◆ **What you need to do**
Your copy should hold only the lines from the one holding "Der erste Bauabschnitt" through the last line of the records below, both included, each exact and with no pictures.

==============================

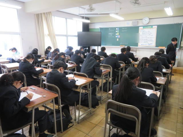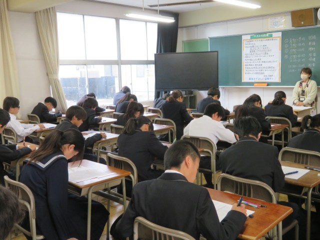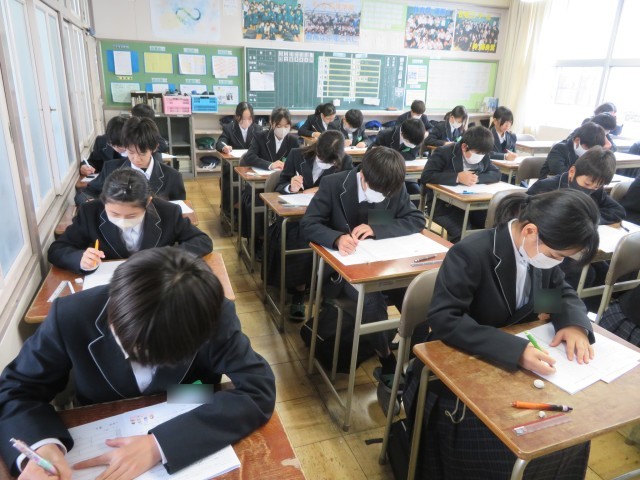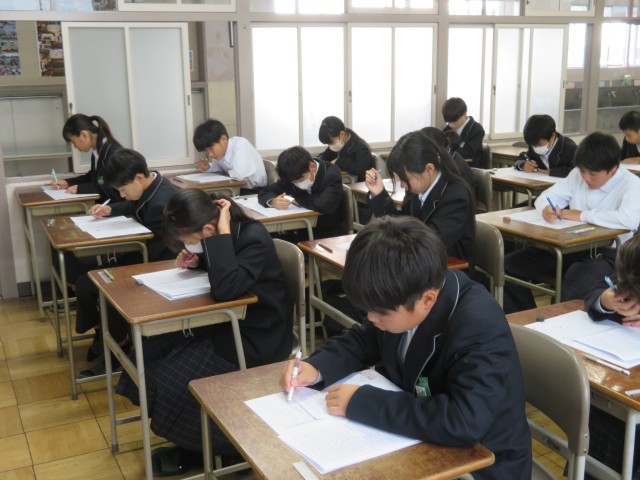 1年生の2時間目、英語のテストのようすスナップです!みんな頑張っていましたね。
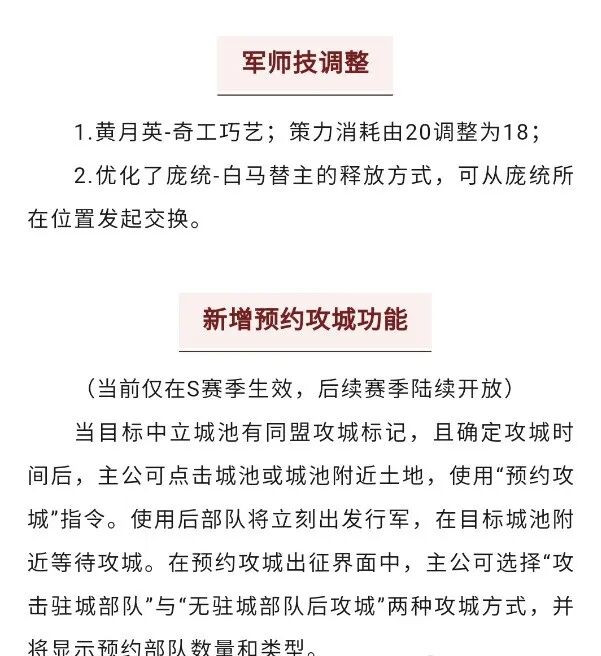 三国志策略版春节后,也便是2026年3月4日(周三)2: 00~5: 00进行停服叹息更新,本次更新不错说亦然史诗级别的,因为万众恭候的自动攻城终于来了,本次公布的是只消S赛季上,PK赛季会延续运行,终于无用再为错过攻城纷扰了。
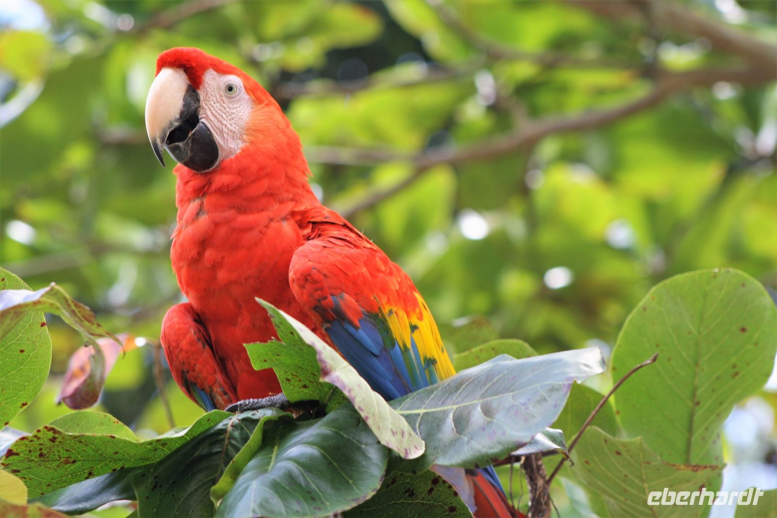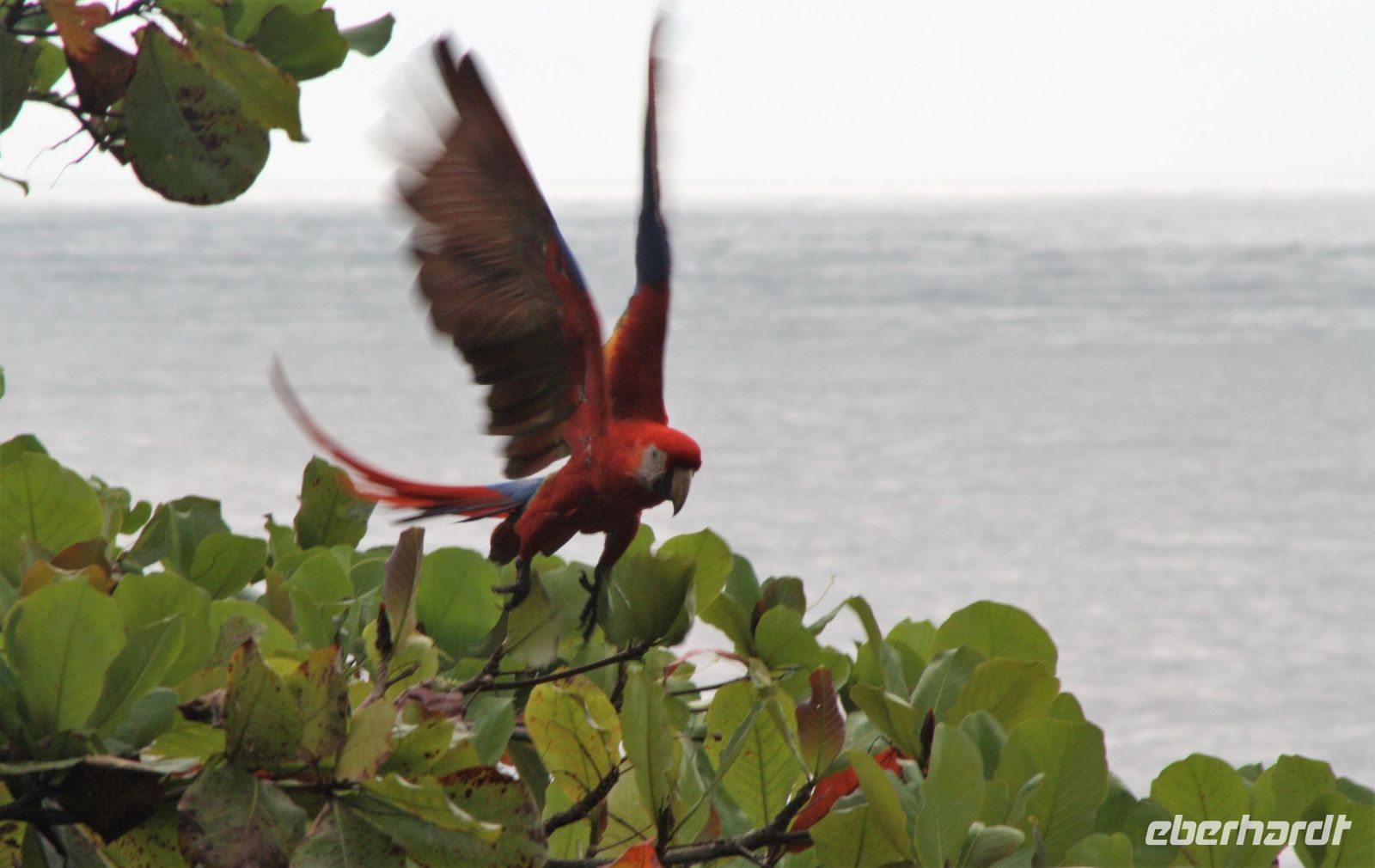 Ganz beeindruckt von diesem Erlebnis geht es am Nachmittag entlang der Pazifikküste weiter Richtung Quepos. Und wenn wir dachten, nun kann am heutigen Tag ja eigentlich nicht mehr viel passieren, dann haben wir natürlich nicht mit Nico gerechnet. Kurzerhand stehen wir auch schon auf einer Brücke, die über den Tárcoles-Fluss führt, und beobachten die gigantischen, amerikanischen Spitzkrokodile im Flussbett beim Nichtstun. Doch damit nicht genug. Kurze Zeit später halten wir erneut – Nico hat etwas in den Bäumen entlang der Straße entdeckt. Mit unseren Kameras in der Hand steigen wir aus und suchen in den Baumkronen danach. Und tatsächlich werden wir ziemlich schnell fündig – über unseren Köpfen tummeln sich hellrote Aras, einer der größten Papageien der Welt. Natürlich haben wir die anmutigen Vögel schon in Zoos gesehen, aber in freier Wildbahn war es etwas ganz Besonderes und ein unvergessliches Erlebnis für die Tierliebhaber unter uns. Dann setzten wir unsere Fahrt fort, vorbei an kilometerlangen Palmenplantagen, erreichten wir am späten Nachmittag unser Hotel mit direkter Strandlage. Durch die angenehmen Temperaturen hier auch am Abend konnten wir diesen Tag im offenen Restaurant am Strand gemütlich ausklingen lassen.
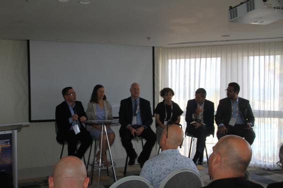 主題報告后由以色列Mekorot工程技術和戰略規劃副總裁Yossi Yaacoby先生主持了主題為“通過創新增強韌性”的小組討論,來自以色列水務局安全應急和網絡高級部門經理Danny Lacker先生、以色列創新局初創部門氣候與健康高級總監Hagit Schwimmer女士、法國國家水工業與企業聯盟(UIE)董事會蘇伊士企業風險投資總監Jean-Luc Venture先生、巴西國家水務和衛生局水務和社會經濟研究主管Felip Tavares先生、美國ICI基金聯合創始董事總經理Gili Elkin女士參加了討論。
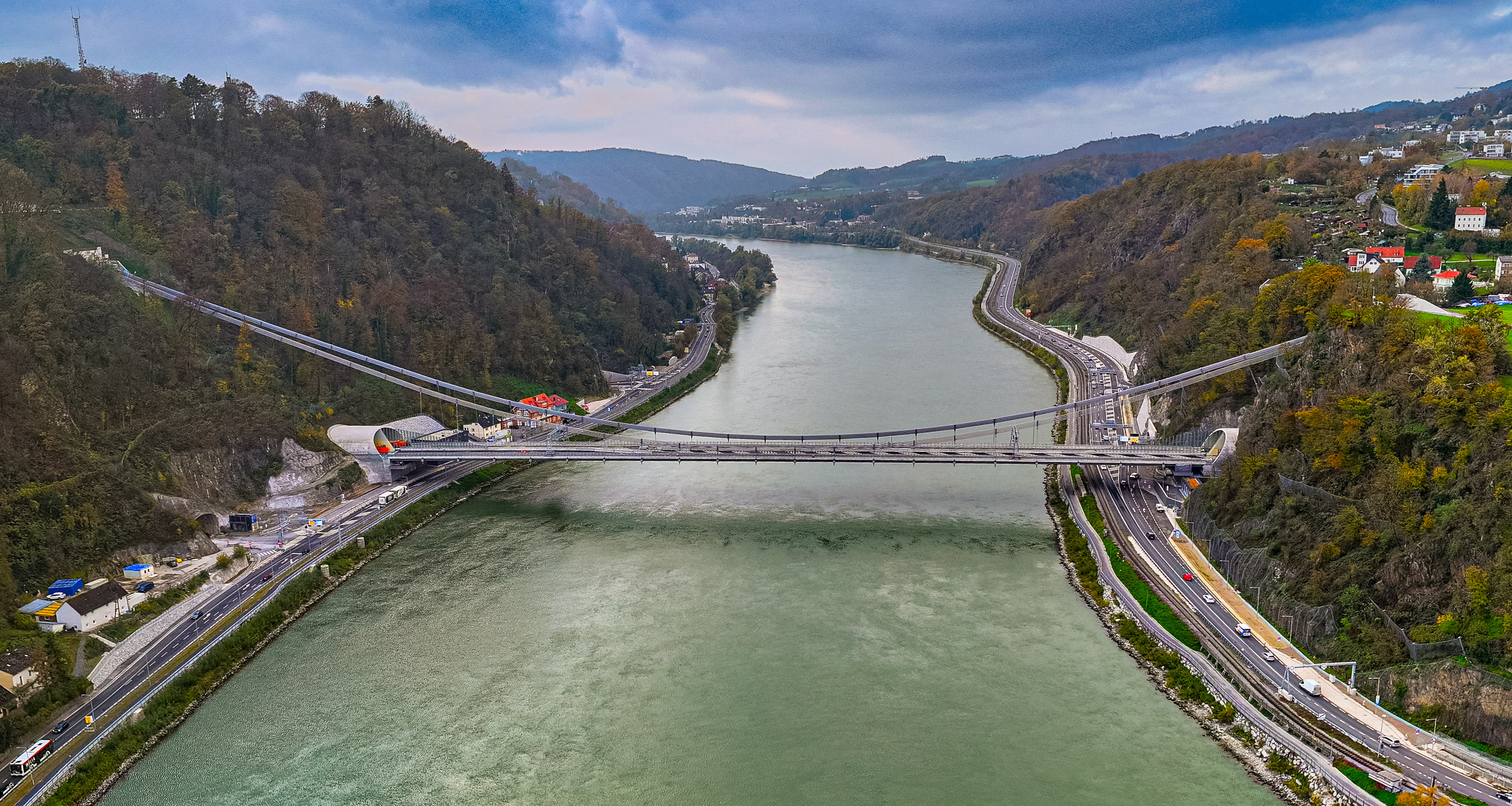 Der erste Bauabschnitt der A 26 ist die neue Linzer Donautalbrücke mit den Auf- und Abfahrten zur B 127 Rohrbacherstraße und zur B 129 Eferdingerstraße. Diese Anschlüsse an das Landesstraßennetz befinden sich vollständig im Tunnel. Die Hängebrücke besteht aus einem sogenannten Tragwerk für beide Richtungsfahrbahnen – ist also „aus einem Guss“. Die zwei horizontalen Hauptseile über die Donau, die das Brückengewicht von 13.000 Tonnen tragen, sind 500 Meter lang und wiegen jeweils 85 Tonnen. Jedes Hauptseil besteht wiederum aus einem Bündel von zwölf einzelnen Seilen. Die kleineren Hängeseile, die die Tragseile mit der Fahrbahn verbinden, haben zueinander einen Abstand von 15 Metern.
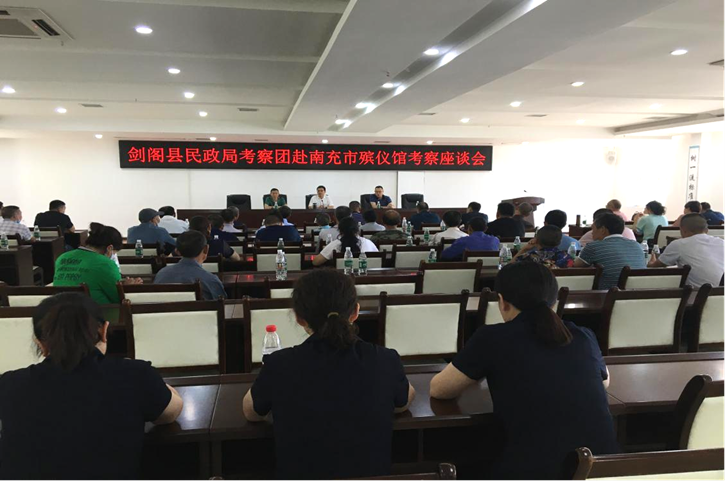 剑阁县民政局局长程元军对市殡管处的热情接待表示感谢。他表示,来南充市殡仪馆考察学习收获颇丰、获益匪浅,南充市殡仪馆独特的建筑设计、先进的服务理念、完善的硬件设施、浓厚的文化氛围令人印象深刻,剑阁县民政局考察团将以此次考察为契机,把学到的好理念、好做法融入到剑阁县殡葬事业改革中去,保障基本民生福祉,满足群众最基本的丧葬需求。参加座谈会的部门就殡仪服务项目建设相关问题现场提问交流。二龙村干部表态发言,回去后一定将新型的殡葬理念传达给更多的群众,统一干部群众思想,争取群众最大的支持和理解,积极推动剑阁县殡葬事业的发展。
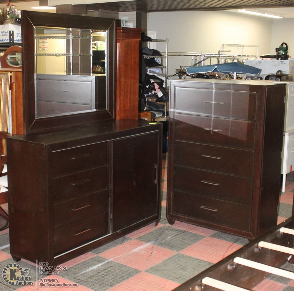 INCL. BED FRAME, NIGHT STAND, CHEST OF DRAWERS, DRESSER AND MIRROR
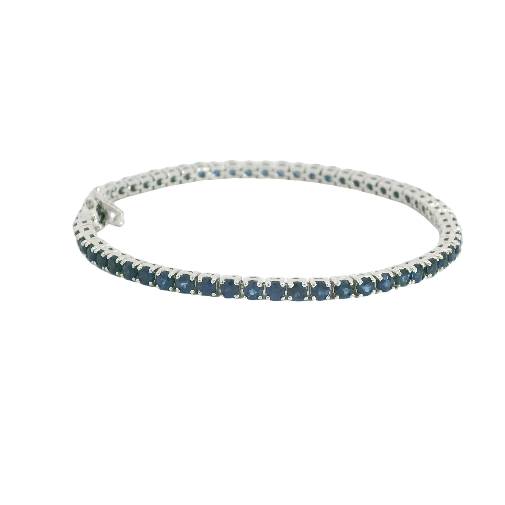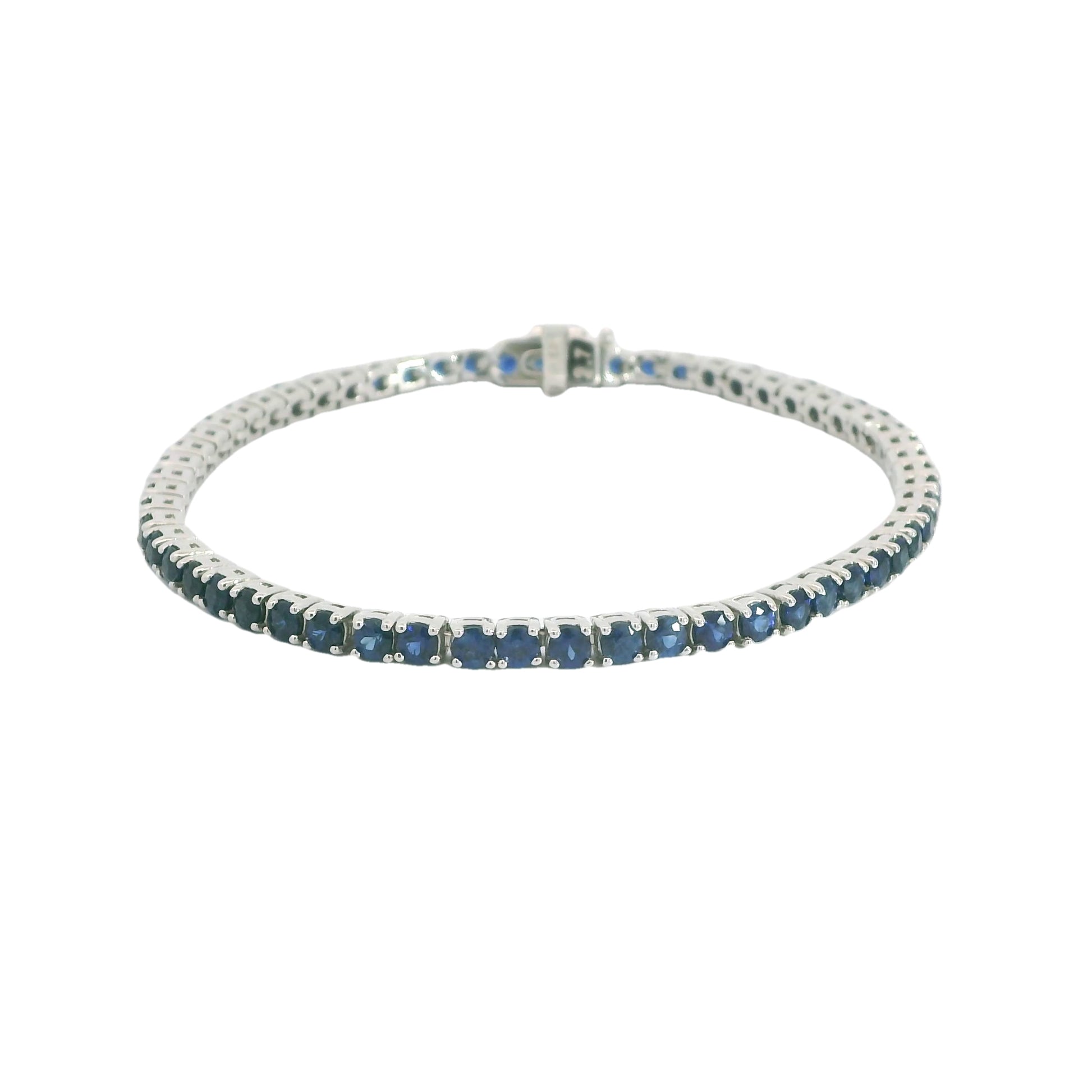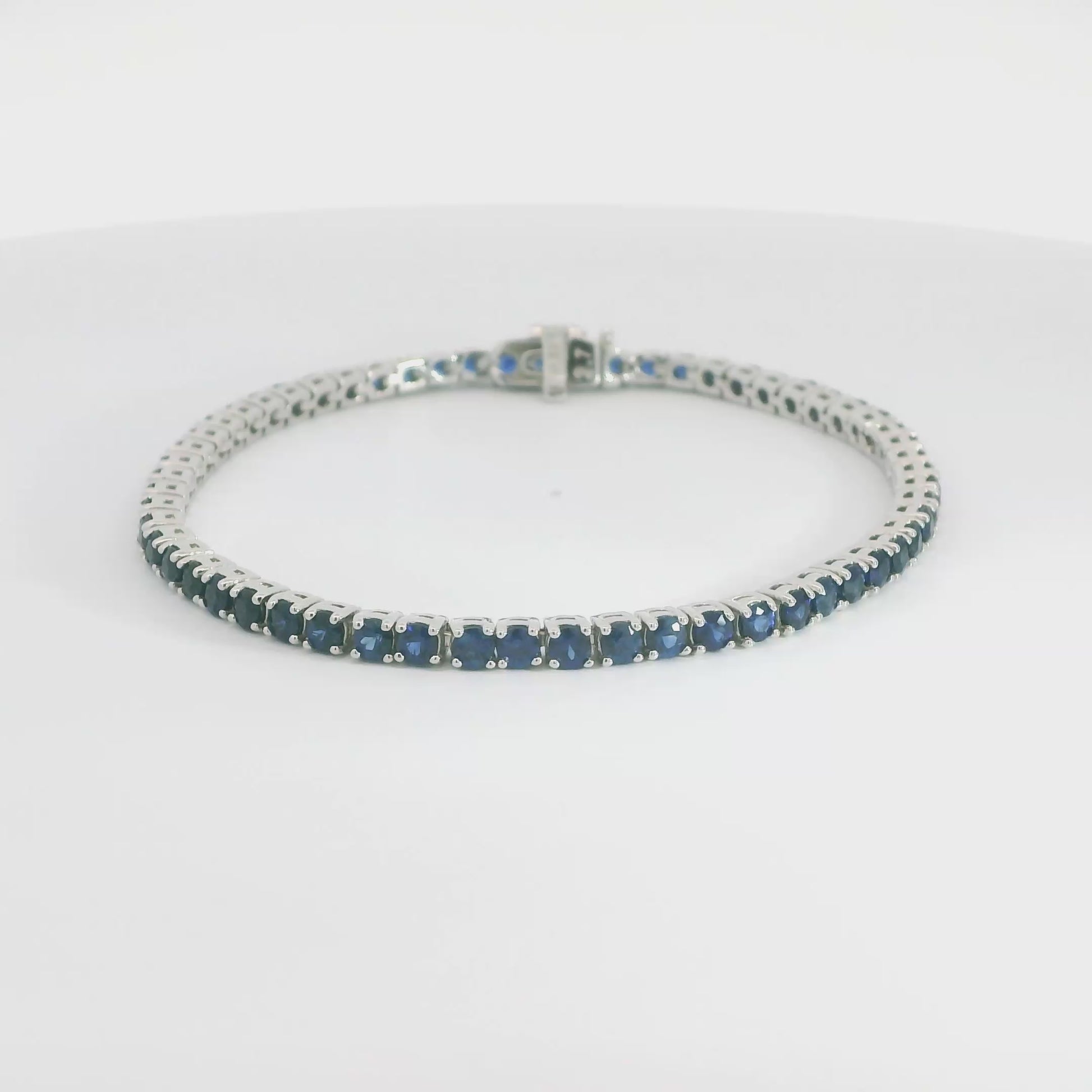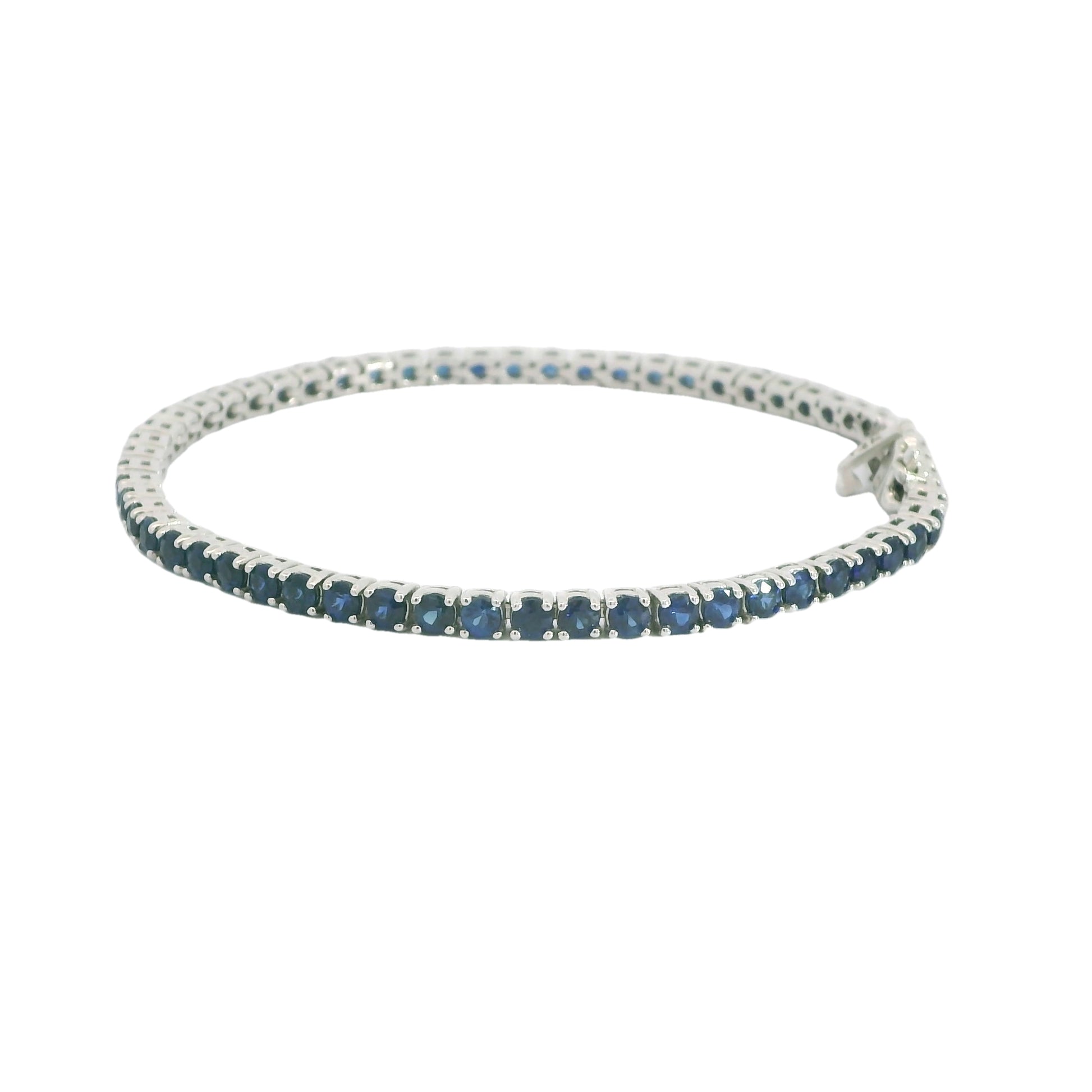 This exquisite bracelet features a stunning array of deep blue sapphires, each meticulously set in a white gold bracelet. Perfect for adding a touch of sophistication to any outfit, this piece is a timeless addition to any jewelry collection. This beautiful 14 karat white gold bracelet features 5.57 carats of diamond cut natural blue sapphires.

==============================

◆ **Answer to this problem**
 Der erste Bauabschnitt der A 26 ist die neue Linzer Donautalbrücke mit den Auf- und Abfahrten zur B 127 Rohrbacherstraße und zur B 129 Eferdingerstraße. Diese Anschlüsse an das Landesstraßennetz befinden sich vollständig im Tunnel. Die Hängebrücke besteht aus einem sogenannten Tragwerk für beide Richtungsfahrbahnen – ist also „aus einem Guss“. Die zwei horizontalen Hauptseile über die Donau, die das Brückengewicht von 13.000 Tonnen tragen, sind 500 Meter lang und wiegen jeweils 85 Tonnen. Jedes Hauptseil besteht wiederum aus einem Bündel von zwölf einzelnen Seilen. Die kleineren Hängeseile, die die Tragseile mit der Fahrbahn verbinden, haben zueinander einen Abstand von 15 Metern.
 剑阁县民政局局长程元军对市殡管处的热情接待表示感谢。他表示,来南充市殡仪馆考察学习收获颇丰、获益匪浅,南充市殡仪馆独特的建筑设计、先进的服务理念、完善的硬件设施、浓厚的文化氛围令人印象深刻,剑阁县民政局考察团将以此次考察为契机,把学到的好理念、好做法融入到剑阁县殡葬事业改革中去,保障基本民生福祉,满足群众最基本的丧葬需求。参加座谈会的部门就殡仪服务项目建设相关问题现场提问交流。二龙村干部表态发言,回去后一定将新型的殡葬理念传达给更多的群众,统一干部群众思想,争取群众最大的支持和理解,积极推动剑阁县殡葬事业的发展。
 INCL. BED FRAME, NIGHT STAND, CHEST OF DRAWERS, DRESSER AND MIRROR
 This exquisite bracelet features a stunning array of deep blue sapphires, each meticulously set in a white gold bracelet. Perfect for adding a touch of sophistication to any outfit, this piece is a timeless addition to any jewelry collection. This beautiful 14 karat white gold bracelet features 5.57 carats of diamond cut natural blue sapphires.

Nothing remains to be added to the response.